▶ Exercise description:
Copy the complete listing word for word, but do not carry over any images.

▶ Stored data:
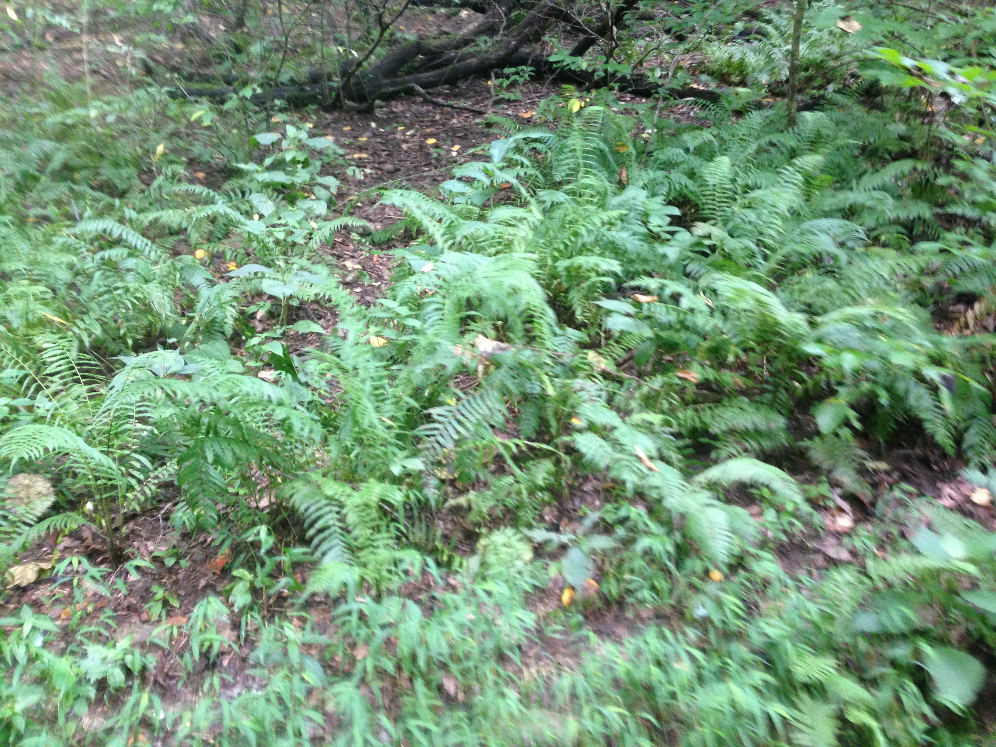 This blurry photo is included because we found all three in one spot: lichens on the side of the trunk, moss growing along the bottom, and ferns in the foreground!
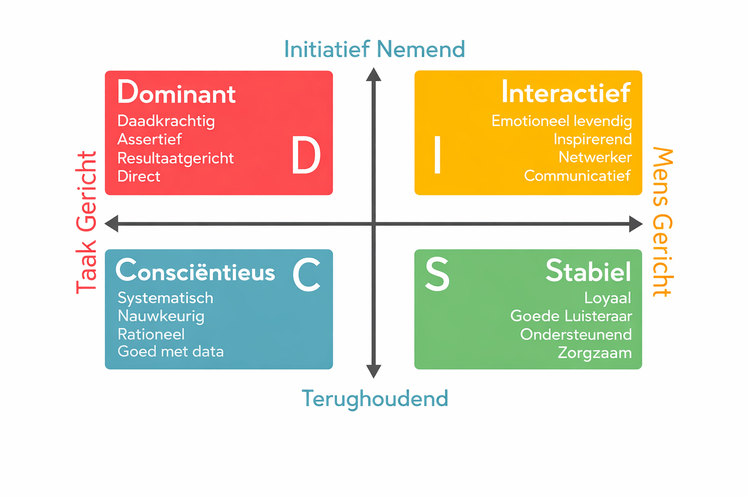 Als hulpmiddel gebruiken we ook de DISC-test. Hierdoor krijg je meer inzicht in je natuurlijke manier van communiceren, samenwerken en beslissingen nemen. De test zetten we meestal in tussen het eerste en tweede gesprek. Niet om je in een hokje te plaatsen, maar om te kijken of jouw voorkeursstijl past bij de dynamiek op de werkvloer.
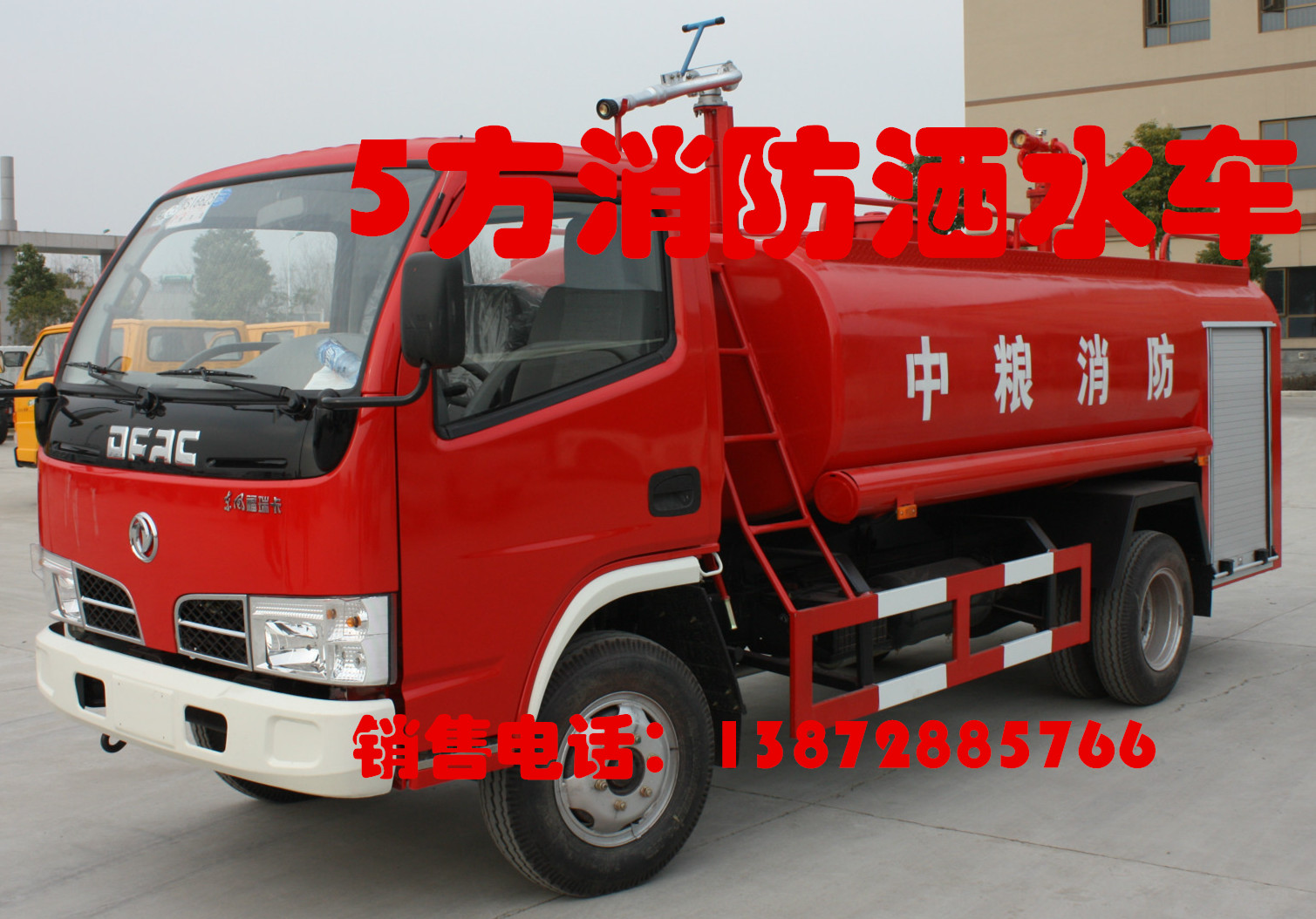 消防灑水車,它是在消防車和灑水車之間設(shè)計(jì)出來的。
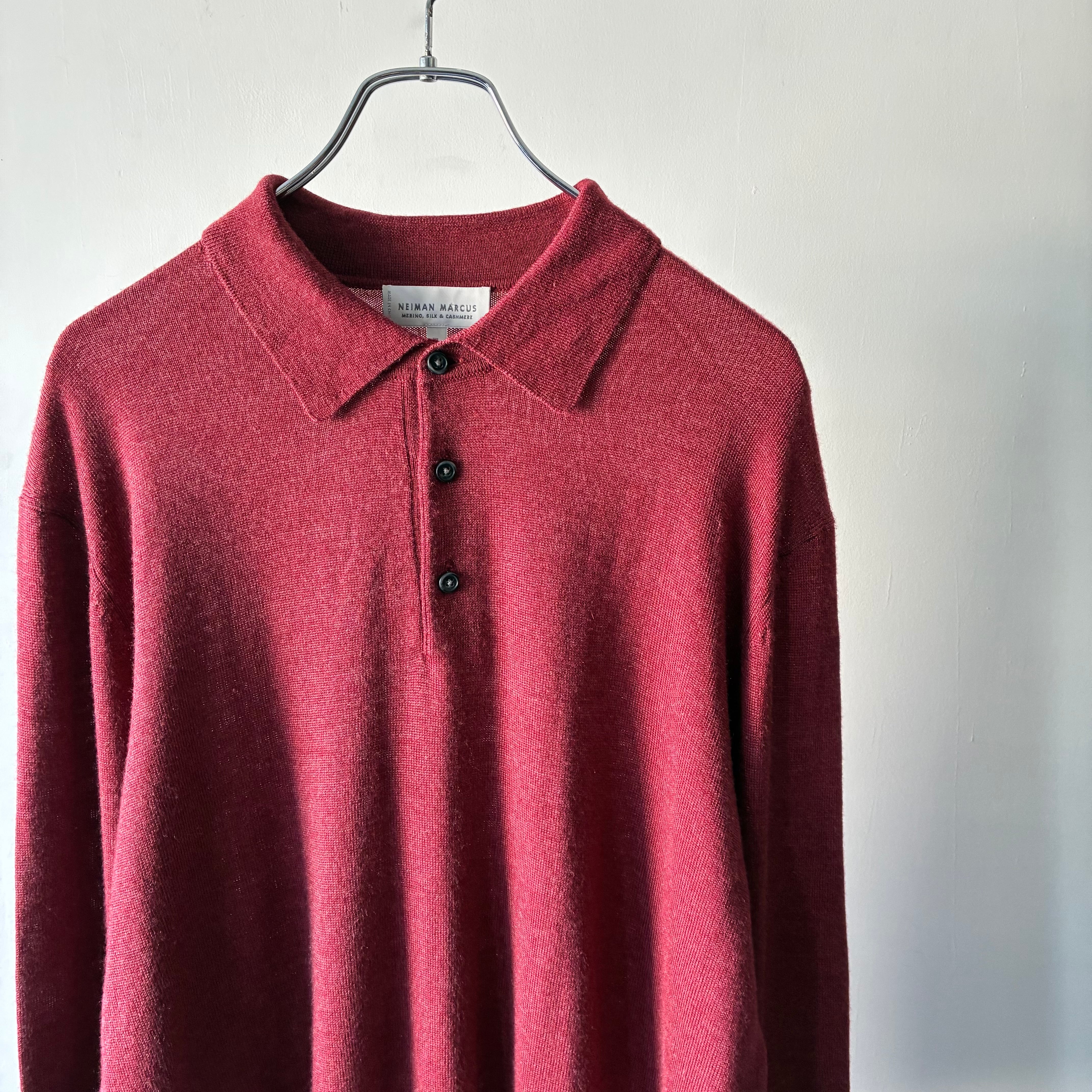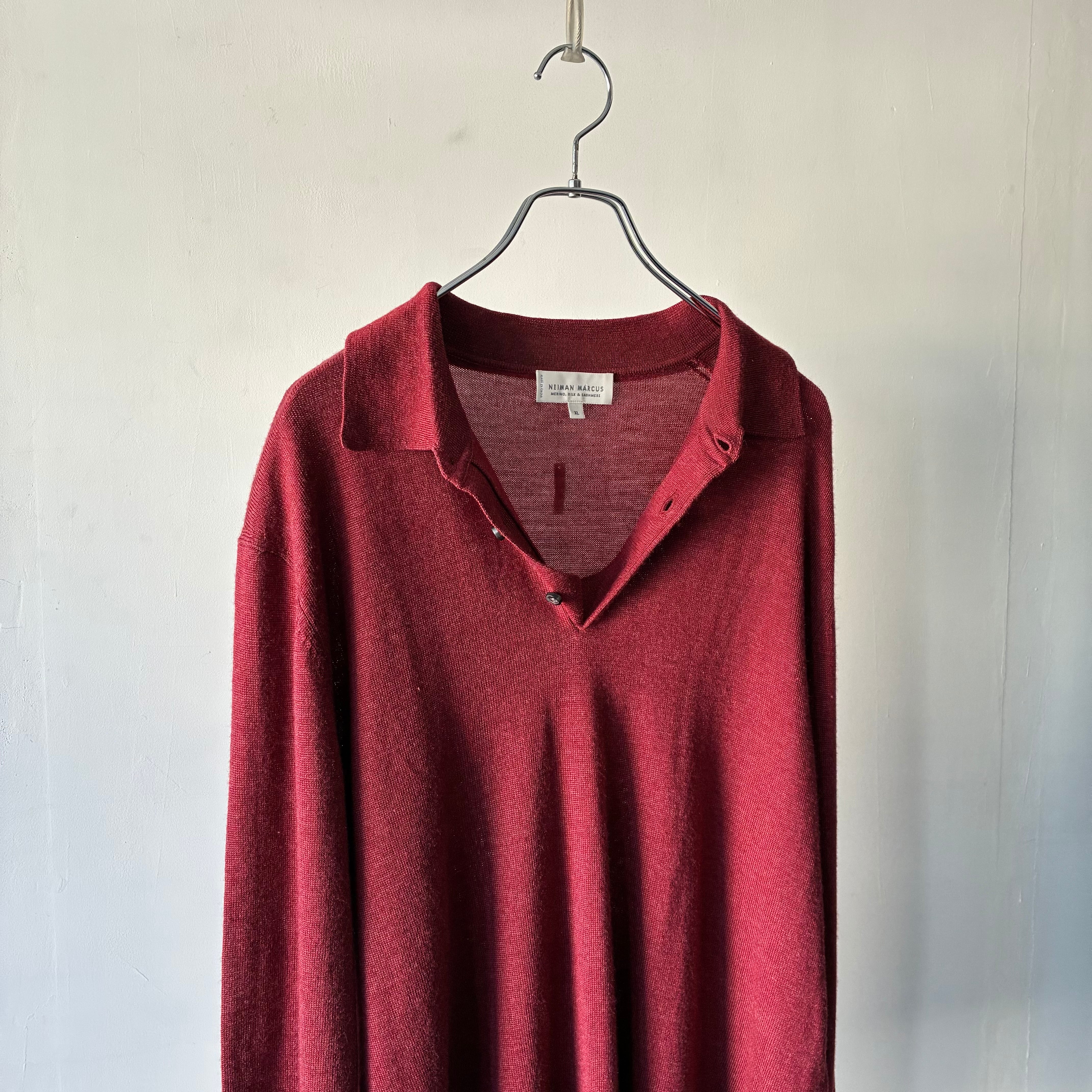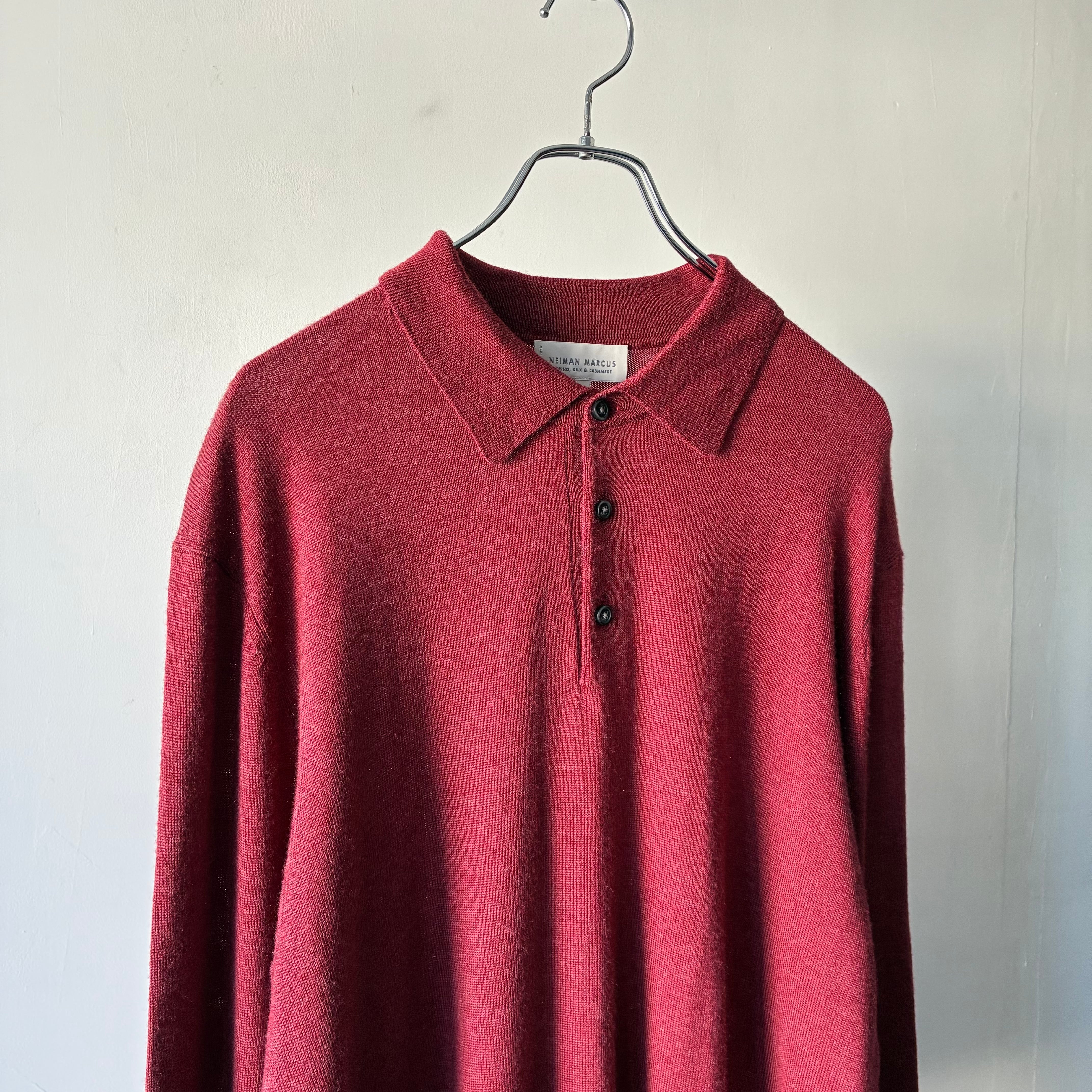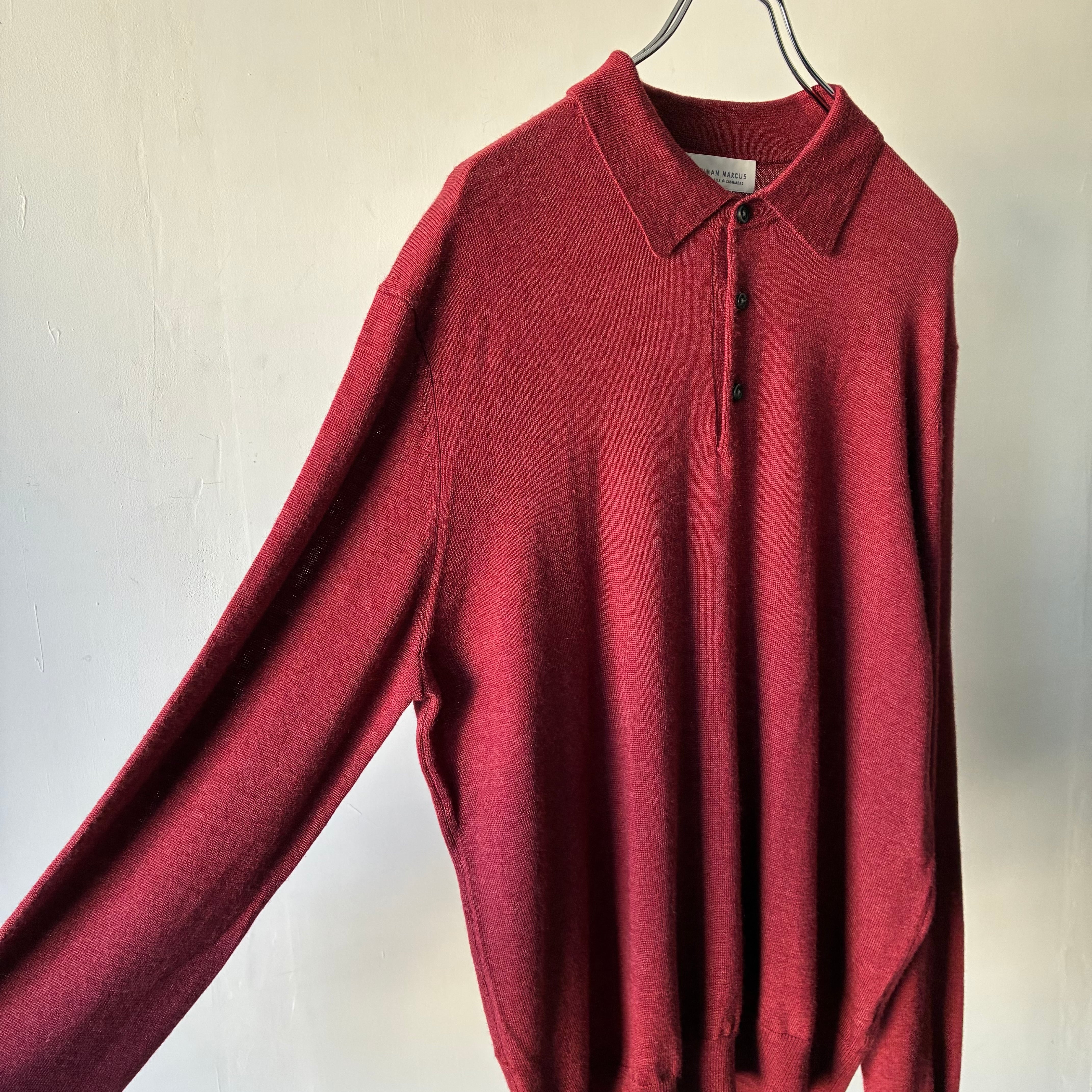 深みのあるレッドカラーが映えるシンプルかつ上品な印象のニットポロシャツ

▶ Solution to this problem:
 This blurry photo is included because we found all three in one spot: lichens on the side of the trunk, moss growing along the bottom, and ferns in the foreground!
 Als hulpmiddel gebruiken we ook de DISC-test. Hierdoor krijg je meer inzicht in je natuurlijke manier van communiceren, samenwerken en beslissingen nemen. De test zetten we meestal in tussen het eerste en tweede gesprek. Niet om je in een hokje te plaatsen, maar om te kijken of jouw voorkeursstijl past bij de dynamiek op de werkvloer.
 消防灑水車,它是在消防車和灑水車之間設(shè)計(jì)出來的。
 深みのあるレッドカラーが映えるシンプルかつ上品な印象のニットポロシャツ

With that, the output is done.